RIO DE JANEIRO – Quando funcionários da Agência de Proteção ao Índio do Brasil se aproximaram da cabana no meio da floresta amazônica, seus temores foram confirmados: eles estavam testemunhando o primeiro desaparecimento registrado de uma tribo isolada na história do país.

O homem deitado na rede, o último membro de sua tribo, havia morrido, e com ele toda uma cultura e respostas a mil perguntas.

Até seu nome era um mistério. Ele era conhecido apenas como “o Homem do Buraco” por causa das dezenas de buracos que cavara ao longo dos anos em seu território.
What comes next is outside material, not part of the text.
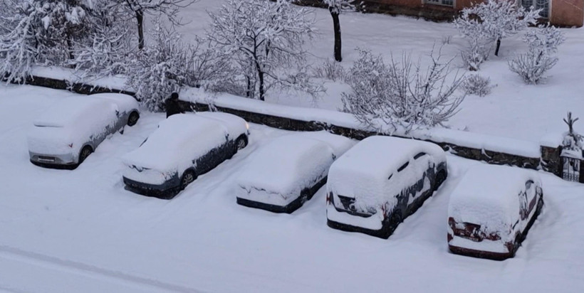 Park halindeki araçlar karla kaplanırken, belediye ekipleri temizlik çalışmalarına hız verdi. Kırsal alanlarda da kar yağışı etkisini gösterdi.

Sua idade também só podia ser adivinhada. Ele parecia ter cerca de 60 anos, disseram autoridades.

Foi um triste marco para um país que nos últimos anos viu as proteções para grupos indígenas enfraquecidas e minadas por um governo que priorizou o desenvolvimento da Amazônia em detrimento da conservação.

Funcionários da Funai encontraram o corpo do homem em 23 de agosto durante uma patrulha na Terra Indígena Tanaru, no estado de Rondônia, na fronteira com a Bolívia.

A morte foi provavelmente resultado de causas naturais, disse a Funai em comunicado divulgado no sábado. O órgão trouxe peritos criminais para examinar o local e, em seguida, enviou o corpo do homem para a capital, Brasília, para autópsia.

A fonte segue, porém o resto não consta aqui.